The term 'ultra light' means that the light weight is reduced to about 30%, about 40%, or about 50% or less of the weight of the conventional reflection type high-power photovoltaic module. For example, the weight of the conventional 70W reflector type high-power photovoltaic module is at least 5 ~ 10kg, and the minimum unit of 20kg is exceeded for the module for 280W production. On the other hand, in the case of the photovoltaic module according to the present invention, the weight of the photovoltaic module according to the present invention is only 1 to 3 kg, which is less than 50% of that for 70W production.

The term 'high efficiency' means that the photovoltaic power generation efficiency is improved by more than 30% compared to conventional photovoltaic systems such as silicon solar cells and thin film solar cells.

The ultra-light and high efficiency reflection type solar cell module 1 according to the preferred embodiment of the present invention includes a base plate 10 and solar light that is fixedly installed on the base plate 10 and is incident thereon, A solar cell module (not shown) for converting sunlight converged to one focus by the reflector 20 into electric energy, which is located on the upper part of the reflector 20 30 and the solar cell module 30 so that the solar cell module 30 can be positioned at a point where the sunlight is focused at one focus by the reflecting mirror 20, .

Hereinafter, the constituent members of the ultra-light and high efficiency reflection type solar cell module 1 according to a preferred embodiment of the present invention and the connection relation thereof will be described with reference to FIGS. 1 to 3. FIG.

Here, the base plate 10 is formed in the form of a flat plate having a predetermined thickness and serves to fix the constituent members including the reflector 20, which will be described later, to be fixedly mounted. However, although not shown, In order to stably install the photovoltaic module 1, a mounting post may be integrally formed at a lower end portion thereof.

A plurality of, preferably four, reflecting mirrors 20 are fixedly installed on the upper surface of the base plate 10. The reflecting mirrors 20 reflect incident sunlight upward To focus on the solar cell module 30 to be described later.

In the conventional high-concentrated photovoltaic power generation system, since the large mirror is used, the reflector 20 is not economical and has difficulty in handling because it is difficult to have a focused angle of reflection.
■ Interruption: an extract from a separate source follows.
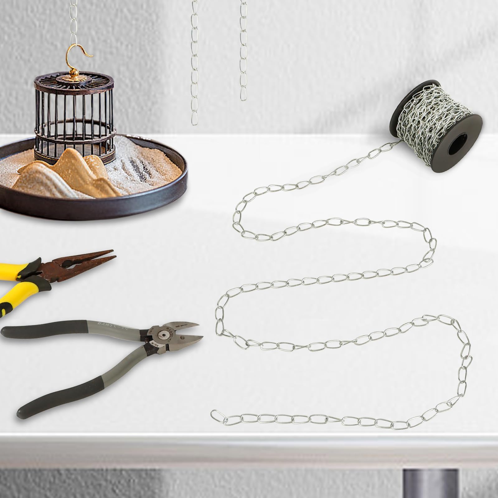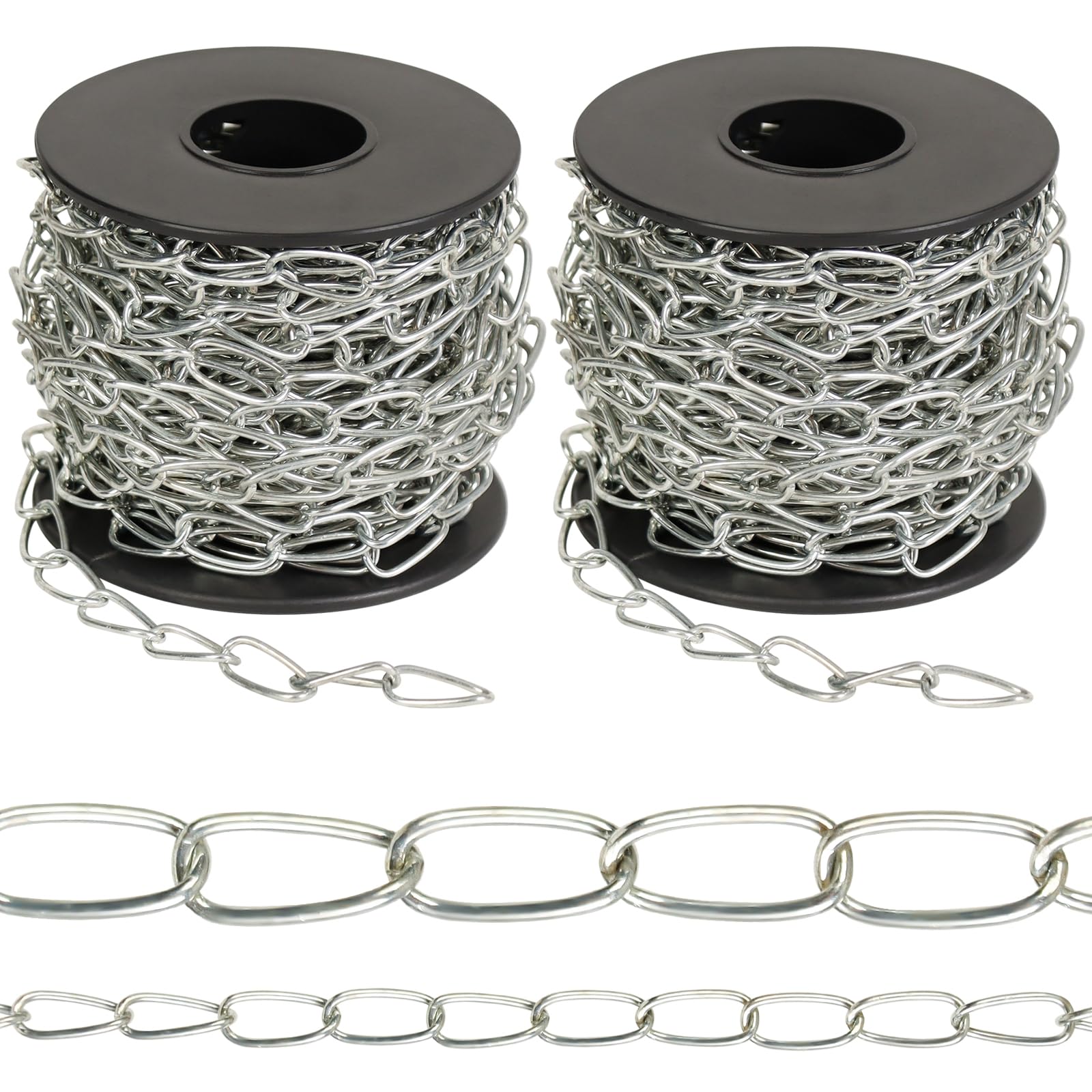 WUBOECE 2-Pack 60Ft Galvanized Iron Jack Chain, 16mm x 18m Metal Link for Hanging Plants, Bird Feeders, Lights – Silver
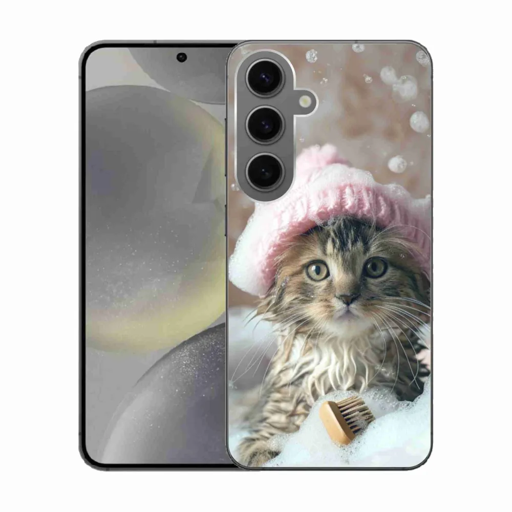 Kočičí pouzdro na Samsung Galaxy S24 - kotě a koupel poskytuje všechny výhody gelových obalů, a to v zajímavém designu.

Therefore, in the present invention, the size of the reflector 20 is preferably 15 cm to 30 cm Size, so that it is economical and can exhibit excellent performance.

It is preferable that the upper surface of the reflector 20 is formed in a concave shape so that the sunlight incident on the surface can be focused as a single focus.

Conventional mirrors are used in combination with a large receiver module and are applied in parabolical form, resulting in high cost and low cost. Therefore, the reflector 20 of the present invention is coated with nickel or chromium to achieve low cost, (ABS) resin (acrylonitrile-butadiene-styrene resin). However, in order to increase the light collection efficiency, a mirror may be disposed on a part of the reflector 20 or a mirror coating layer may be formed according to circumstances.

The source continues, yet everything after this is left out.